Problem ▸ Pictures aside, repeat every entry exactly.

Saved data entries
_____
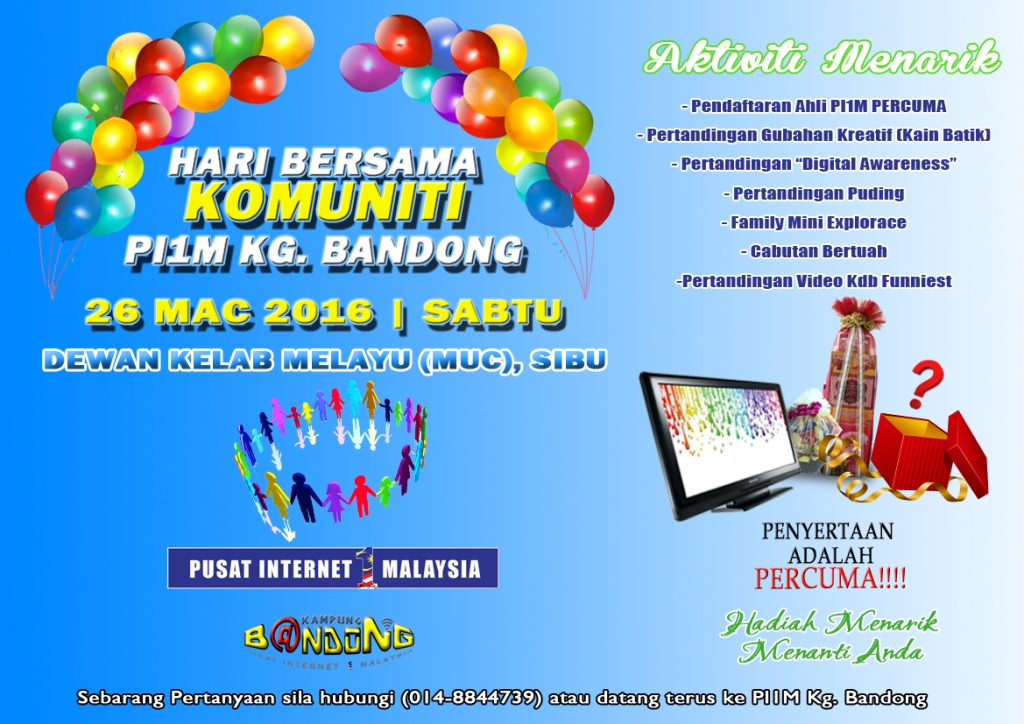 Orang ramai di jemput datang bagi memeriahkan Majlis Hari Bersama Komuniti Pusat Internet Kg Bandong yang bertempat di Dewan Kelab Melayu (MUC), Sibu pada 26 Mac 2016 (Sabtu) ini. Terdapat banyak aktiviti menarik yang bakal di anjurkan oleh pihak Pusat Internet Kg. Bandong dan hadiah menarik menanti anda.
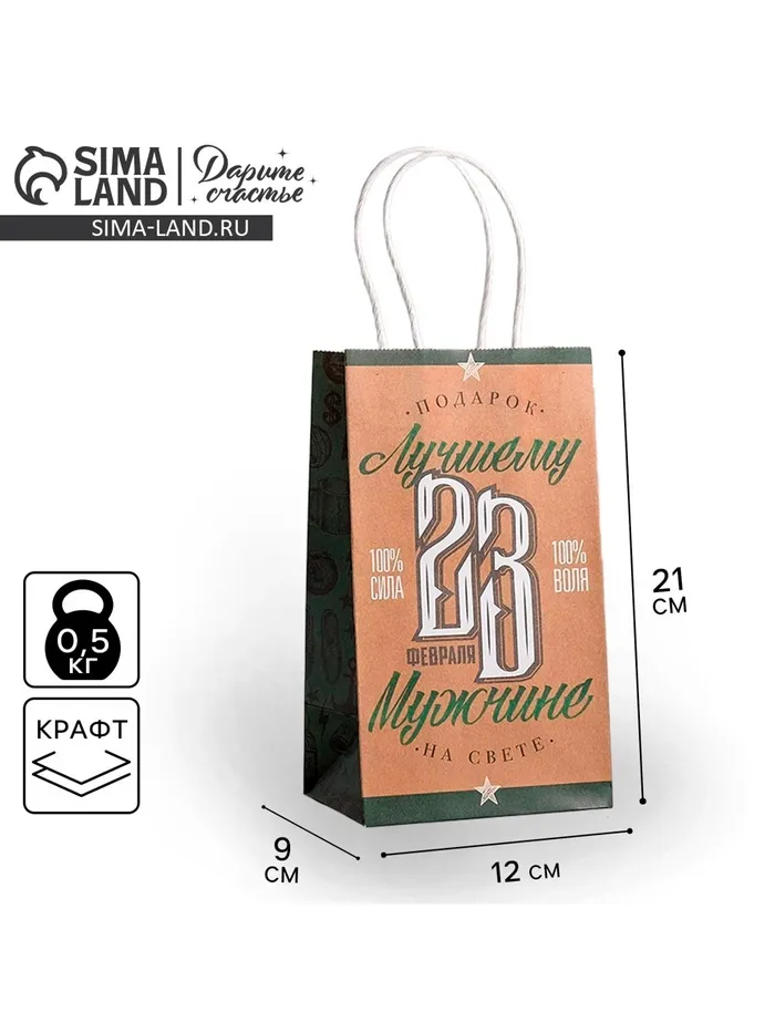 Пакет подарочный крафт, упаковка, «С 23 февраля», 12 х 21 х 9 см — Характеристики
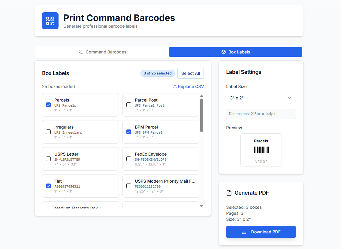 Want to print your barcodes on a label? Only need specific ones? Want to print box barcodes to a specific label size? Use this platform to Generate Professional Barcode Labels needed for your processes.
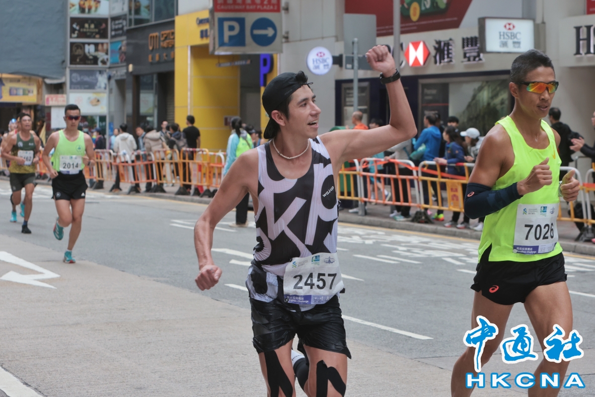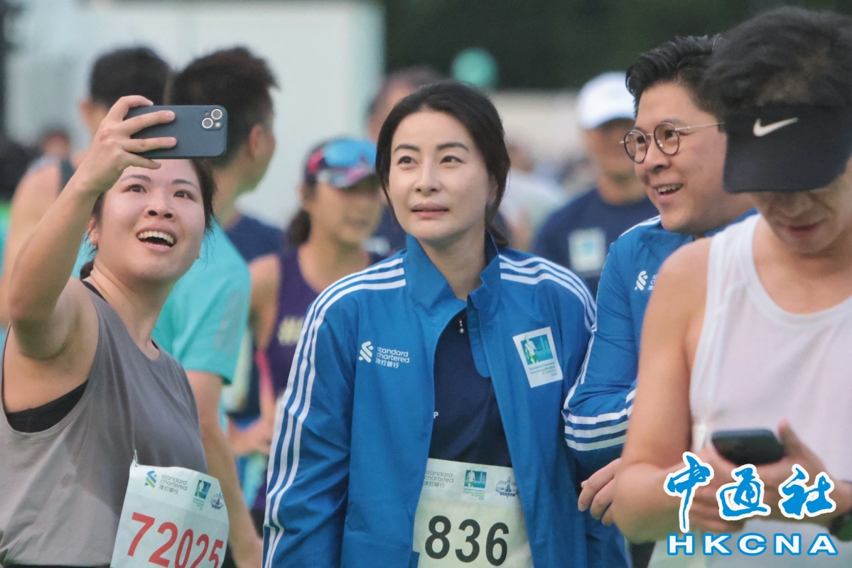 (香港中通社記者 謝光磊 攝) 另外,渣打亞洲區行政總裁洪丕正、“蘭桂坊之父”盛智文等亦有參與。而立法會體演文出界議員霍啟剛及其夫人郭晶晶更攜手衝過終點線,賽後不少跑手爭相與他們合影。
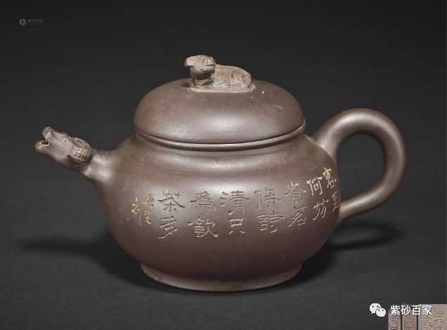 清晚期·愙斋款李宝珍制潜陶刻紫泥觚棱壶
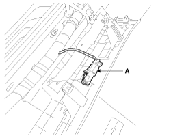 Remove the front seat belt anchor pertensioner cover pad (A).
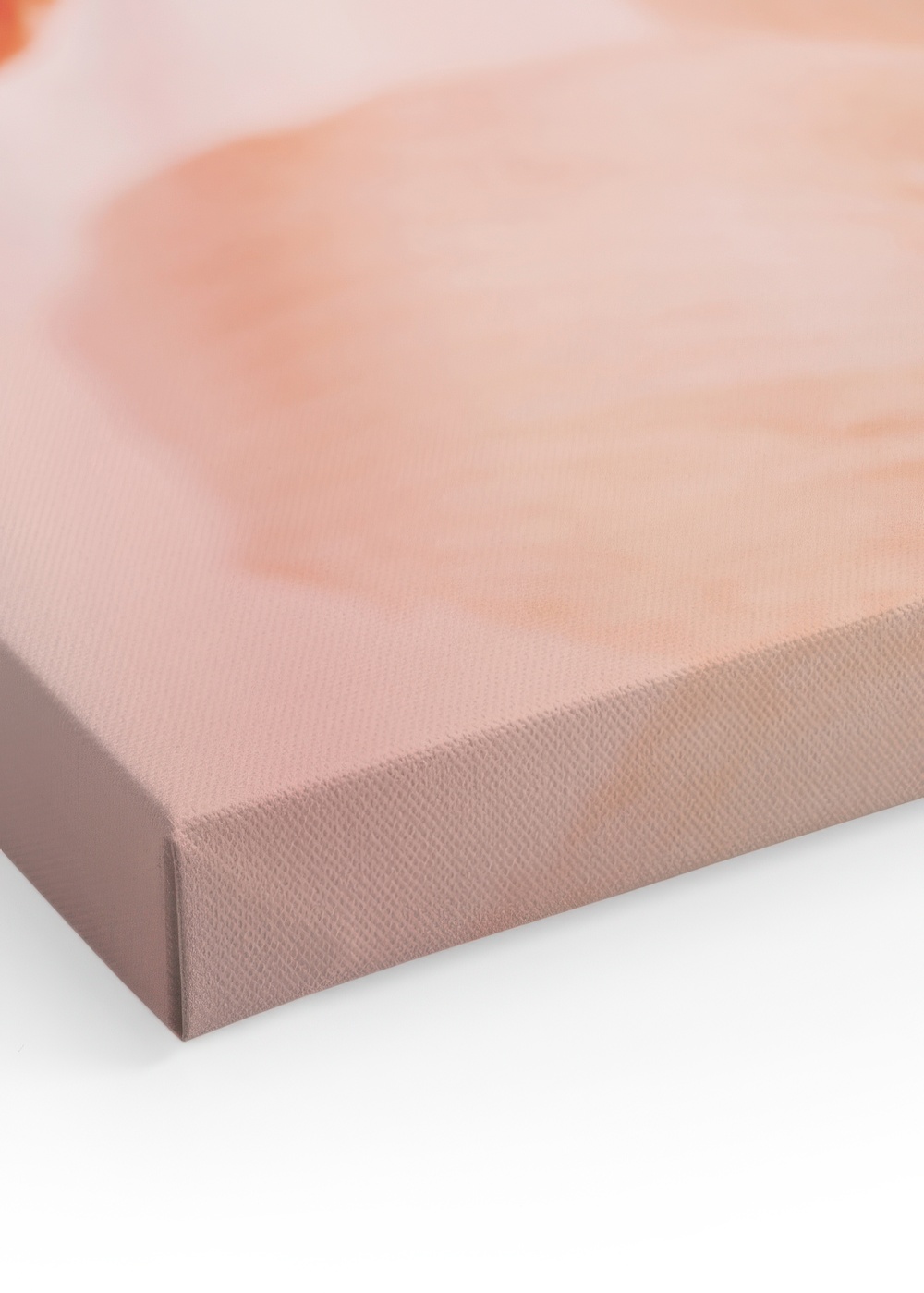 Gros plan sur une toile imprimée de pétales de fleurs roses et blanches délicates avec une qualité onirique. Cette toile florale est parfaite pour créer une décoration murale botanique dans votre maison.
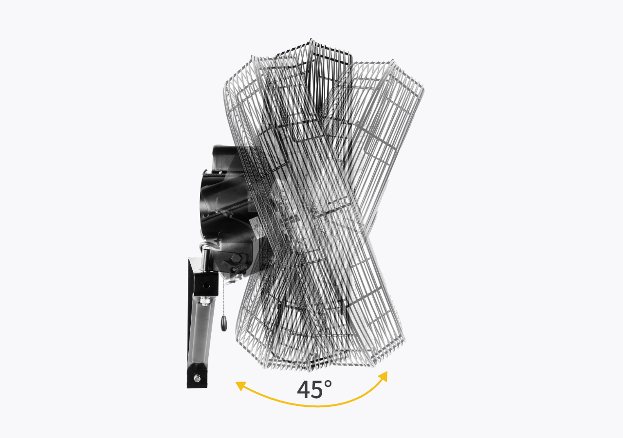 Features 45° head tilt adjustment for flexible air distribution and directional airflow control.
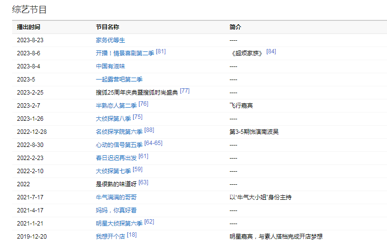 2022年1月26日,參加的《大偵探第七季》發(fā)布定檔海報。 2022年,加盟芒果TV打造的社交觀察類真人秀《春日遲遲再出發(fā)》。 2月10日,參與錄制的芒果TV《大偵探第七季》開播。5月29日,參加的綜藝《是很熟的味道呀》官宣陣容。
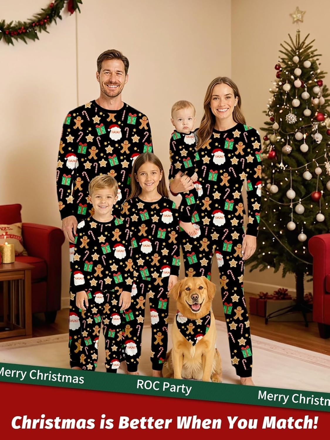 ROC PARTY Matching Family Christmas Pajamas Sets - Festive Xmas PJs, Holiday Sleepwear for Families Photos & Gift Giving (Youth, 8-10 Years)
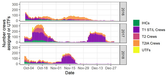 Figure 5 shows the daily number of crews assigned to fires in ROSS during October, November, and December of 2016, 2017, and 2018. As previously mentioned, in 2020, over half of the T1 ST/L crews were unavailable due to the COVID-19 pandemic. With most IHCs approaching their season-end dates (Figure 4) in addition to the absence of the T1 ST/L crew, this depiction of previous late-season crew usage (particularly the high reliance on ST/L crews in the past) also confirmed the substantially limited availability of crews in late 2020.
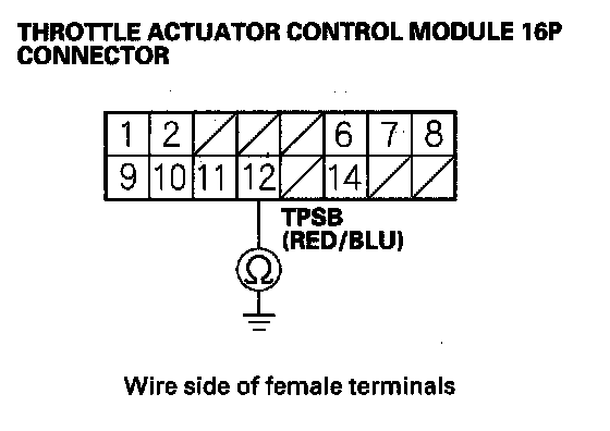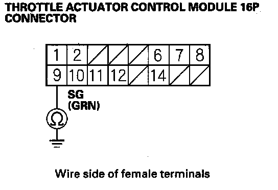 12. Check for continuity between throttle actuator control module 16P connector terminal No. 12 and body ground.
_____
Written reply ▸
 Orang ramai di jemput datang bagi memeriahkan Majlis Hari Bersama Komuniti Pusat Internet Kg Bandong yang bertempat di Dewan Kelab Melayu (MUC), Sibu pada 26 Mac 2016 (Sabtu) ini. Terdapat banyak aktiviti menarik yang bakal di anjurkan oleh pihak Pusat Internet Kg. Bandong dan hadiah menarik menanti anda.
 Пакет подарочный крафт, упаковка, «С 23 февраля», 12 х 21 х 9 см — Характеристики
 Want to print your barcodes on a label? Only need specific ones? Want to print box barcodes to a specific label size? Use this platform to Generate Professional Barcode Labels needed for your processes.
 (香港中通社記者 謝光磊 攝) 另外,渣打亞洲區行政總裁洪丕正、“蘭桂坊之父”盛智文等亦有參與。而立法會體演文出界議員霍啟剛及其夫人郭晶晶更攜手衝過終點線,賽後不少跑手爭相與他們合影。
 清晚期·愙斋款李宝珍制潜陶刻紫泥觚棱壶
 Remove the front seat belt anchor pertensioner cover pad (A).
 Gros plan sur une toile imprimée de pétales de fleurs roses et blanches délicates avec une qualité onirique. Cette toile florale est parfaite pour créer une décoration murale botanique dans votre maison.
 Features 45° head tilt adjustment for flexible air distribution and directional airflow control.
 2022年1月26日,參加的《大偵探第七季》發(fā)布定檔海報。 2022年,加盟芒果TV打造的社交觀察類真人秀《春日遲遲再出發(fā)》。 2月10日,參與錄制的芒果TV《大偵探第七季》開播。5月29日,參加的綜藝《是很熟的味道呀》官宣陣容。
 ROC PARTY Matching Family Christmas Pajamas Sets - Festive Xmas PJs, Holiday Sleepwear for Families Photos & Gift Giving (Youth, 8-10 Years)
 Figure 5 shows the daily number of crews assigned to fires in ROSS during October, November, and December of 2016, 2017, and 2018. As previously mentioned, in 2020, over half of the T1 ST/L crews were unavailable due to the COVID-19 pandemic. With most IHCs approaching their season-end dates (Figure 4) in addition to the absence of the T1 ST/L crew, this depiction of previous late-season crew usage (particularly the high reliance on ST/L crews in the past) also confirmed the substantially limited availability of crews in late 2020.
 12. Check for continuity between throttle actuator control module 16P connector terminal No. 12 and body ground.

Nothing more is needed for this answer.